# RAW DATA:
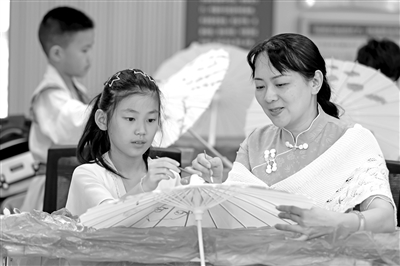 7月9日,在福建省福州市鼓樓區水部街道,志愿者正在指導孩子們繪制油紙傘。當天,在福州市鼓樓區水部街道,一場“妙筆油紙傘 傳承非遺夢”暑托班主題課程正在進行,20名進城務工人員子女在志愿者的指導下,體驗省級非遺福州油紙傘制作技藝的獨特魅力。暑假期間,福建省各級工會、關工委精心組織開設安全課堂、鄉土文化探索、非遺課堂拓展等暑托班課程,確保孩子們在暑托班中學有所獲、學有所悟。
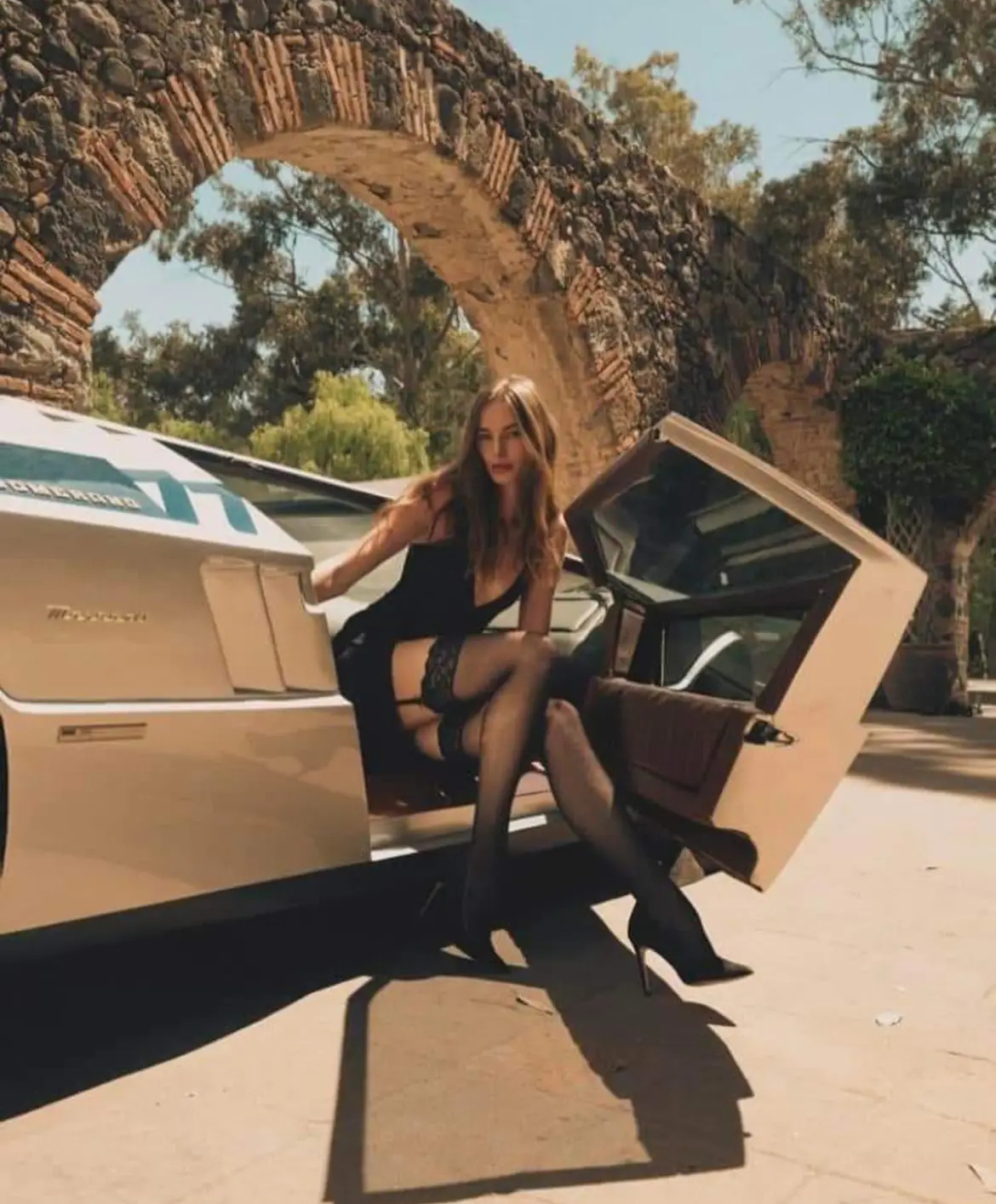 Murs antiques, voiture ultra futuriste (même si elle a 52 ans !), beauté féminine intemporelle 😉
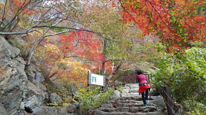 10월 22일 친절하고 멋있는 분들과 영주에서 열린 풍기인삼축제를 다녀왔습니다. 풍기인삼축제를 가기 전, 첫번째 여행지는 희방사입니다. 아침에 하늘 가득 어두운 구름이어서 걱정되었으나, 희방사에 도착해서는 맑은 하늘이어서 기쁘게 트레킹을 할 수 있었습니다. ![]() ![]() ![]() ![]() ![]() ![]() ![]() 희방사를 향해가다 빨갛게 단풍든 나무와
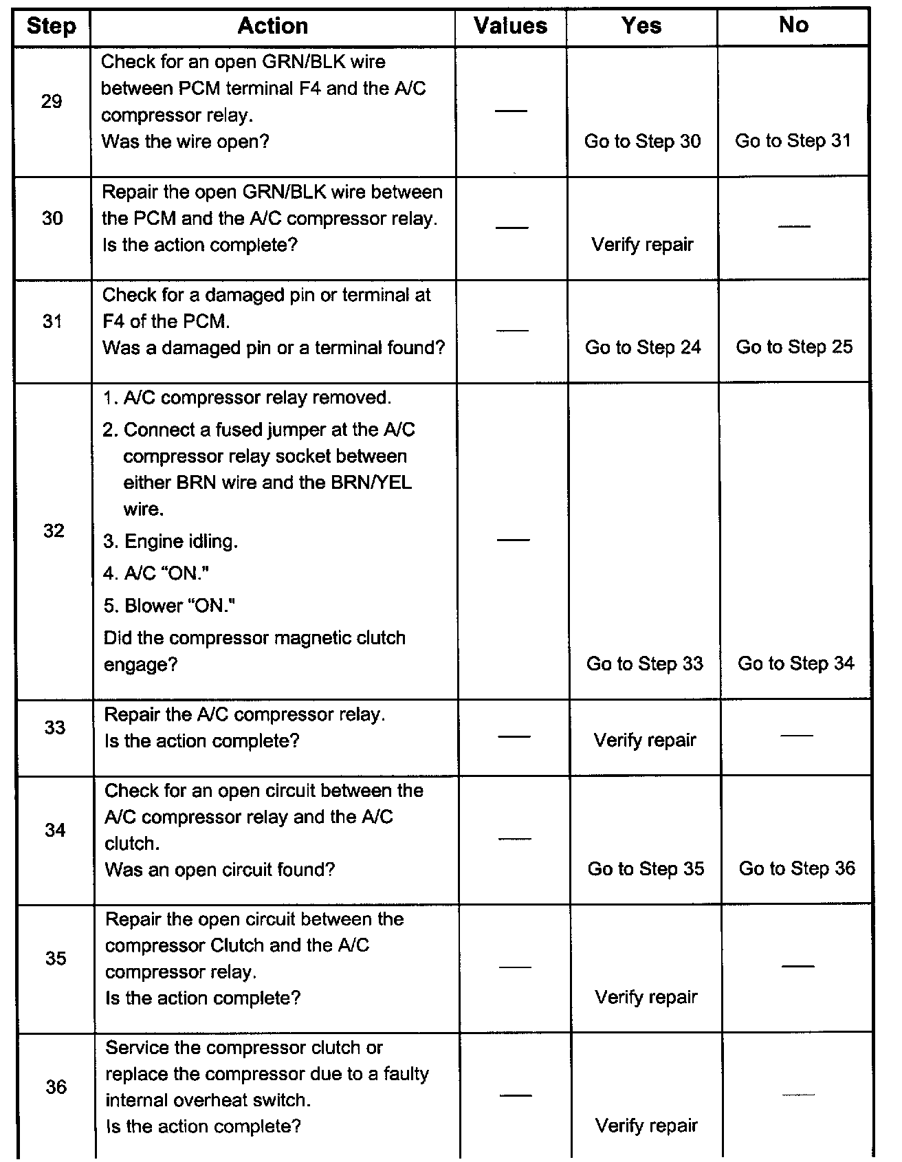 4. Although the normal complaint will be the A/C clutch failing to engage, it is possible for a short circuit to cause the clutch to run when A/C has not been selected. This step is a test for that condition.
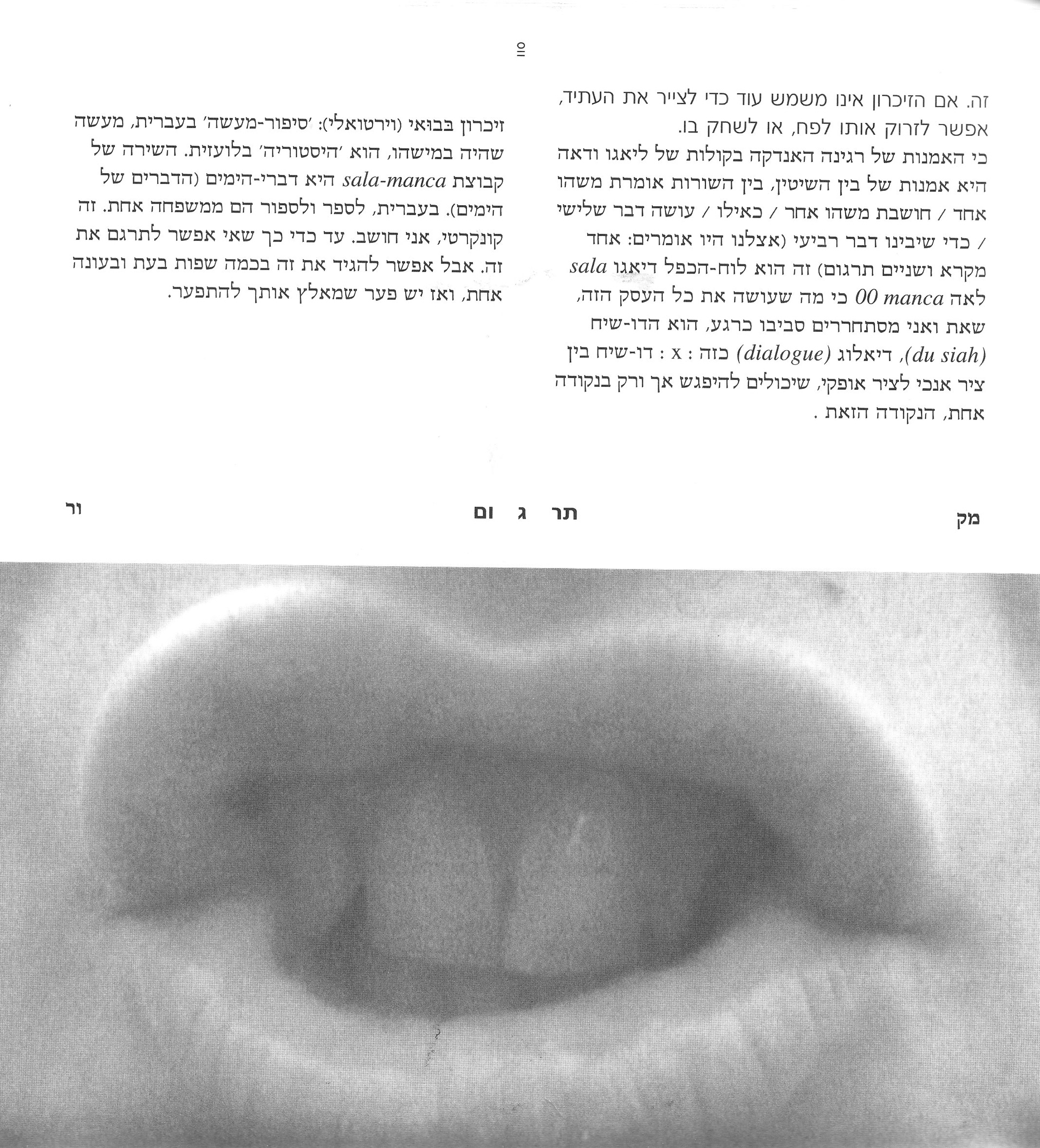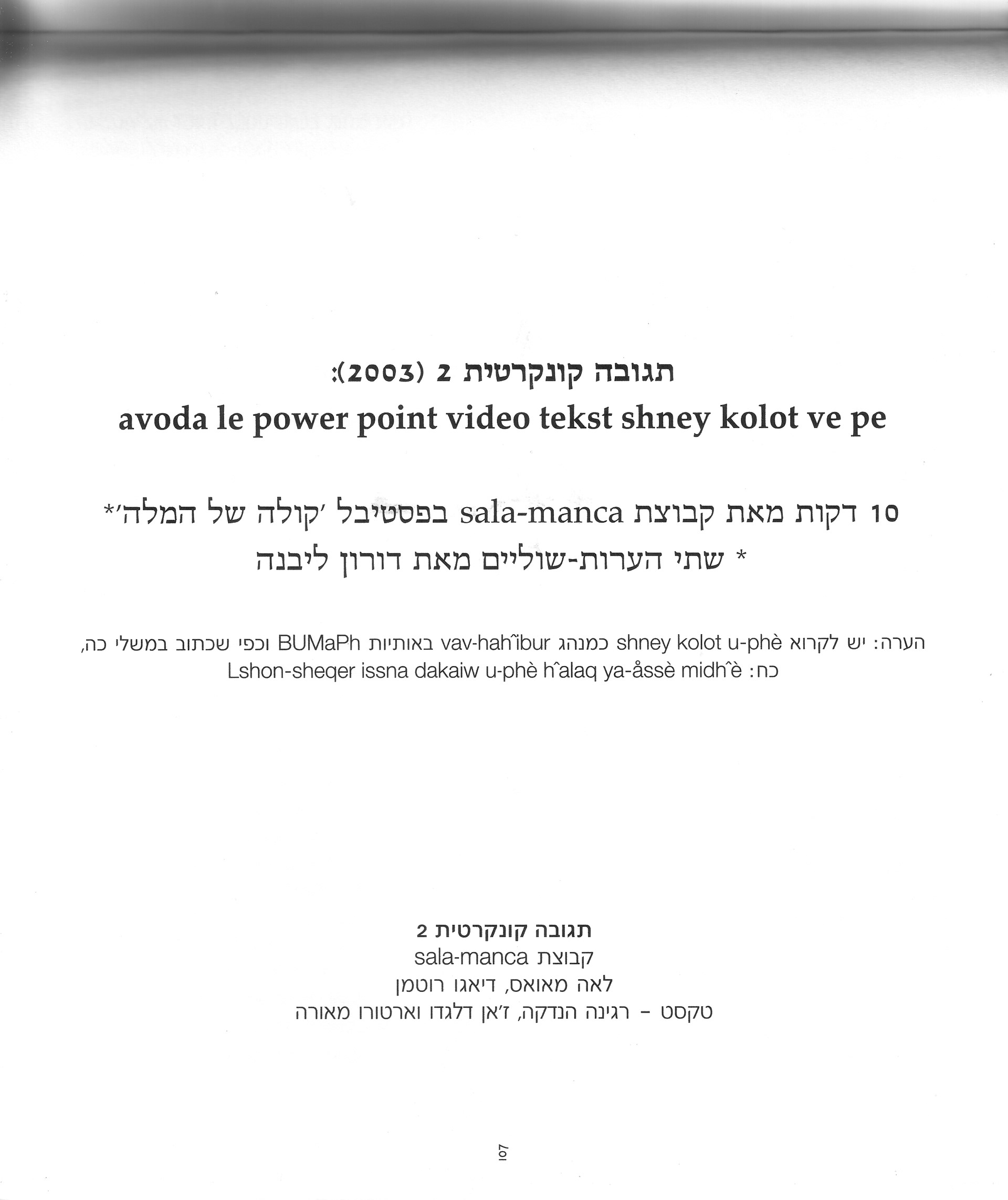 Doron Livne, "Concrete Response 2", in the book Kola shel Hamila, Hadas Ophrat (ed.), Jerusalem: Hazira, 2004.

# HOW TO COMPLETE THIS TASK:
What should come back is an exact copy of the lines above from the line with "Murs antiques, voiture" to the line with "4. Although the", both included, minus the pictures.

# EXERCISE SOLUTION:
 Murs antiques, voiture ultra futuriste (même si elle a 52 ans !), beauté féminine intemporelle 😉
 10월 22일 친절하고 멋있는 분들과 영주에서 열린 풍기인삼축제를 다녀왔습니다. 풍기인삼축제를 가기 전, 첫번째 여행지는 희방사입니다. 아침에 하늘 가득 어두운 구름이어서 걱정되었으나, 희방사에 도착해서는 맑은 하늘이어서 기쁘게 트레킹을 할 수 있었습니다. ![]() ![]() ![]() ![]() ![]() ![]() ![]() 희방사를 향해가다 빨갛게 단풍든 나무와
 4. Although the normal complaint will be the A/C clutch failing to engage, it is possible for a short circuit to cause the clutch to run when A/C has not been selected. This step is a test for that condition.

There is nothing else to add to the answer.